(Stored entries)
*** Block opens ***
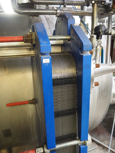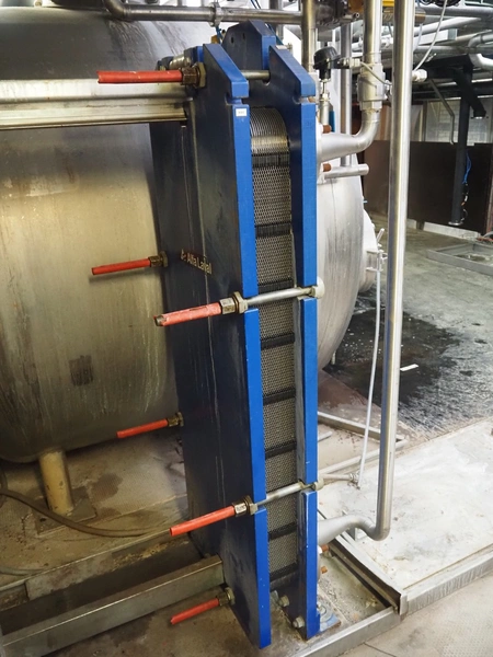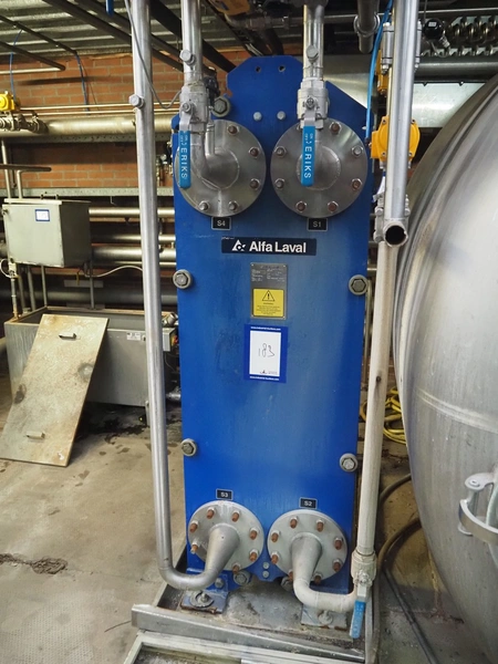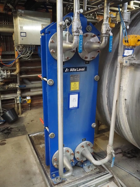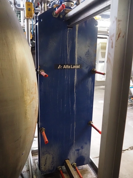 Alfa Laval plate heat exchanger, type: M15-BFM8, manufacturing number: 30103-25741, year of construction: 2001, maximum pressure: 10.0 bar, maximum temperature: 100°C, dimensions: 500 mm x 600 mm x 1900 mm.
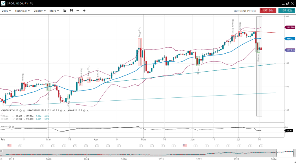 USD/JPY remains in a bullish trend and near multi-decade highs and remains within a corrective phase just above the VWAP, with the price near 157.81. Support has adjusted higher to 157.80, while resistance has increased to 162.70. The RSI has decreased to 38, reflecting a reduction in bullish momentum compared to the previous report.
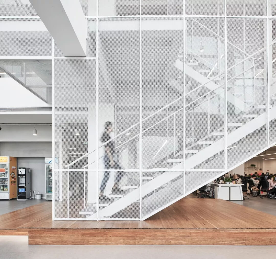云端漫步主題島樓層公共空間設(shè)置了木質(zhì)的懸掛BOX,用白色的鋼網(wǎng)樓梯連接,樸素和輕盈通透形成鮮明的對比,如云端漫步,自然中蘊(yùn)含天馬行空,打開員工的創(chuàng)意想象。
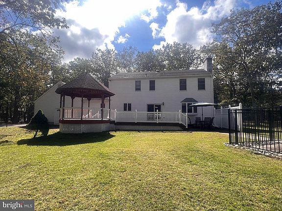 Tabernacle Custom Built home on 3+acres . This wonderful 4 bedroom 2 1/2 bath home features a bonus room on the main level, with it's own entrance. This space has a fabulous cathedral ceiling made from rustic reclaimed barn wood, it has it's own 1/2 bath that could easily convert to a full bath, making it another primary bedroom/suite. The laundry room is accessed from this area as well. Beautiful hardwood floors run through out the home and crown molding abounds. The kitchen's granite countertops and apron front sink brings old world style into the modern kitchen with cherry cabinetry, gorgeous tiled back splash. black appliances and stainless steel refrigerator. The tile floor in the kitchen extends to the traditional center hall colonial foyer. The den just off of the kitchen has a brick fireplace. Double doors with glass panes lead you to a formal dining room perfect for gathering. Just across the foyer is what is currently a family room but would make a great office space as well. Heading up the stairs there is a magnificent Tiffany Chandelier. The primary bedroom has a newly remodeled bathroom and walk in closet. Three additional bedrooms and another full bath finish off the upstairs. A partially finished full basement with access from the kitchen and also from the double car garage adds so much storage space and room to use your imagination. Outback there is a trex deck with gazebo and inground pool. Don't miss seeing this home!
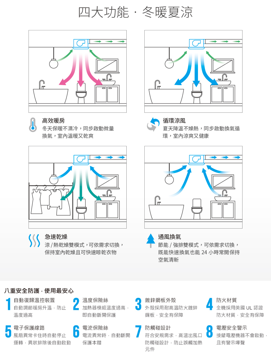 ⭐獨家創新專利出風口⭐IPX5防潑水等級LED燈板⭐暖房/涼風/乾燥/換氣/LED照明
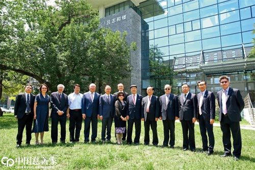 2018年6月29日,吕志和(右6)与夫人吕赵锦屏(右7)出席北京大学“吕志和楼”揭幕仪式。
*** Block closes ***
### What the task asks
Return only the stretch above from the line containing "USD/JPY remains in" through the line containing "云端漫步主題島樓層公共空間設", word for word and without pictures.

### Result
 USD/JPY remains in a bullish trend and near multi-decade highs and remains within a corrective phase just above the VWAP, with the price near 157.81. Support has adjusted higher to 157.80, while resistance has increased to 162.70. The RSI has decreased to 38, reflecting a reduction in bullish momentum compared to the previous report.
云端漫步主題島樓層公共空間設(shè)置了木質(zhì)的懸掛BOX,用白色的鋼網(wǎng)樓梯連接,樸素和輕盈通透形成鮮明的對比,如云端漫步,自然中蘊(yùn)含天馬行空,打開員工的創(chuàng)意想象。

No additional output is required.